Frequently asked questions

What is the Everest tourism bill?
It is the popular name for Nepal's Integrated Tourism Bill 2081, a draft law that overhauls mountaineering and tourism rules. Its best-known clause would force Everest aspirants to first summit a 7,000m peak inside Nepal.
Is the Everest tourism bill now law?
Not fully. The National Assembly (upper house) passed it in February 2026, but it still needs the House of Representatives and presidential assent before it takes effect, so its new clauses do not yet apply.
Does the bill change the Everest permit fee?
The headline fee rise to USD 15,000 for spring came through revised regulations in September 2025, separate from this bill. The bill mainly consolidates environmental fees and tightens eligibility and safety rules (as of September 2025).
Do I need to climb a 7,000m peak before Everest now?
Not for the spring 2026 season. The 7,000m-in-Nepal prerequisite sits inside this bill, which is unfinished, so the Department of Tourism is not yet enforcing it on permit applicants.
Does the Everest tourism bill affect Base Camp trekkers?
Largely no. The bill targets people climbing above Base Camp. Trekkers to Everest Base Camp still follow separate Sagarmatha National Park and local municipality permit rules.

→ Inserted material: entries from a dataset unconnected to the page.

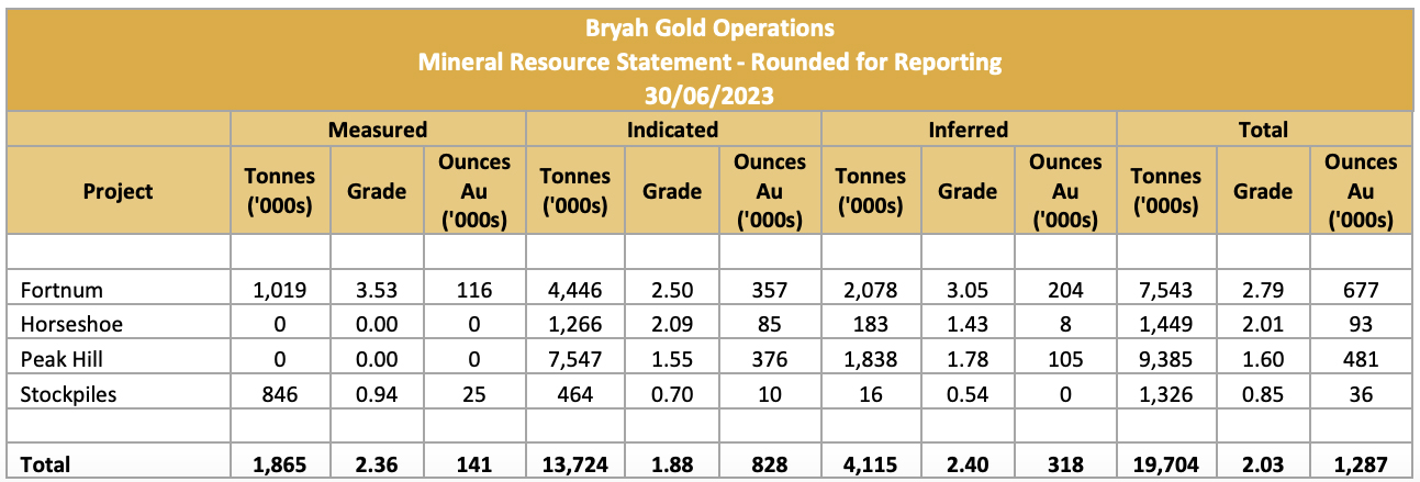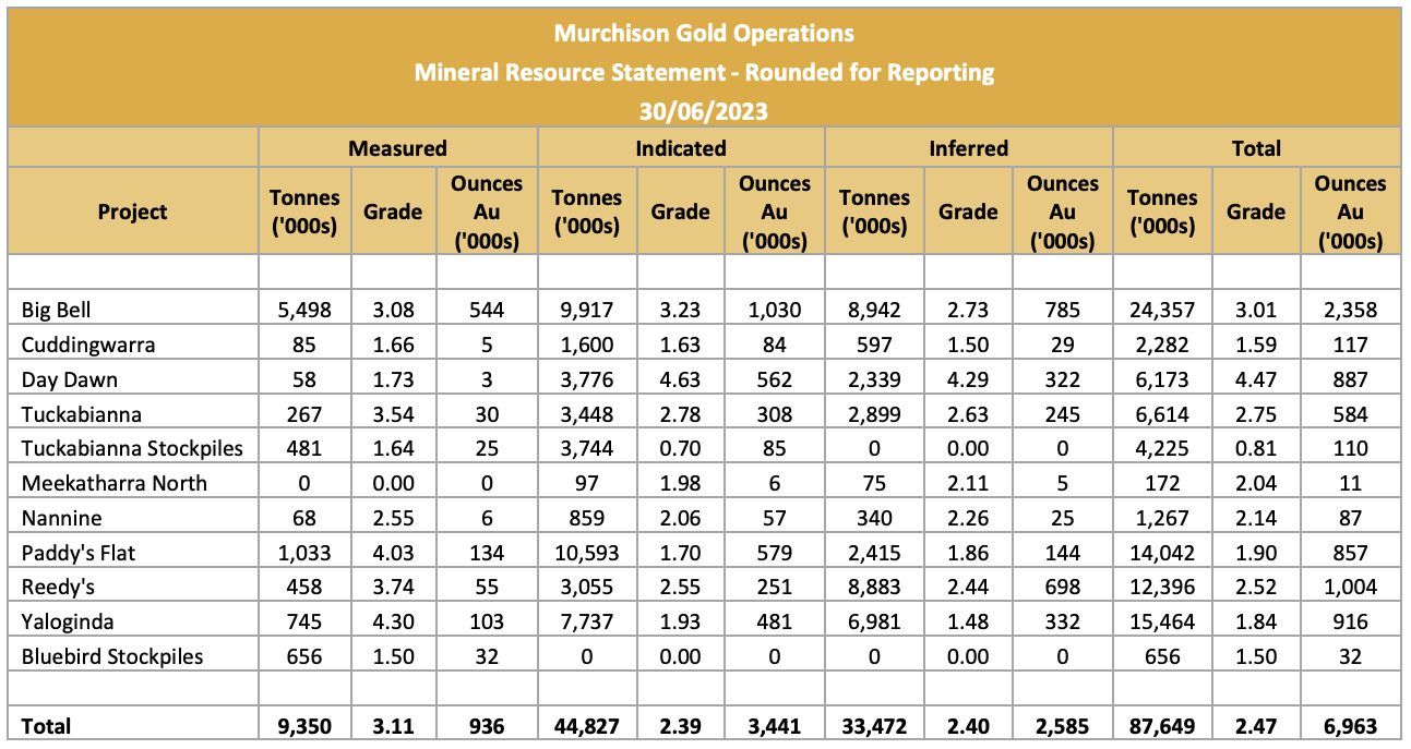 Table 1 - Mineral Resources Estimates on 30 June 2023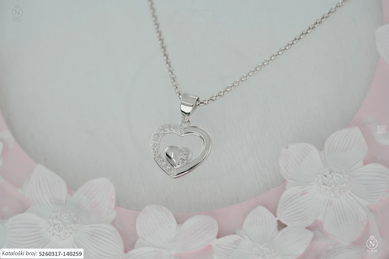 Srebrna ogrlica čistoće 925/1000, ukrašena cirkonima s motivom srce – simbol ljubavi i topline, savršen za izražavanje osjećaja..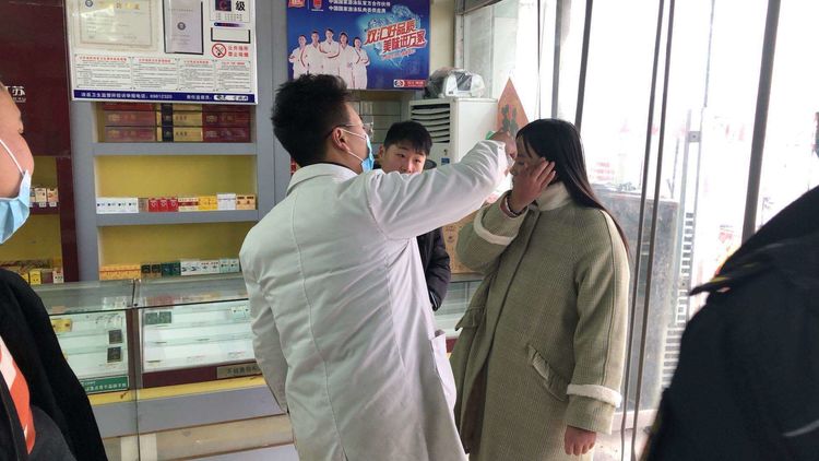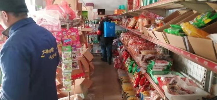 大年初一,志愿者在各購物場所為購物村民測量體溫。

Why is Nepal introducing this bill?
Officials cite overcrowding, climber safety, support for high-altitude workers and protecting the Himalayan environment, including better waste management and a proposed welfare fund.
Will guides have to be Nepali under the bill?
The draft leans toward Nepal-licensed mountain guides for the high peaks, but because the bill is not yet law the exact wording and enforcement could still change before it passes.
Where can I read the actual fees and rules in force today?
Our Everest permit and climbing-rules guides list the fees and ratios already being charged. Treat anything tied only to this bill as proposed until parliament finishes it.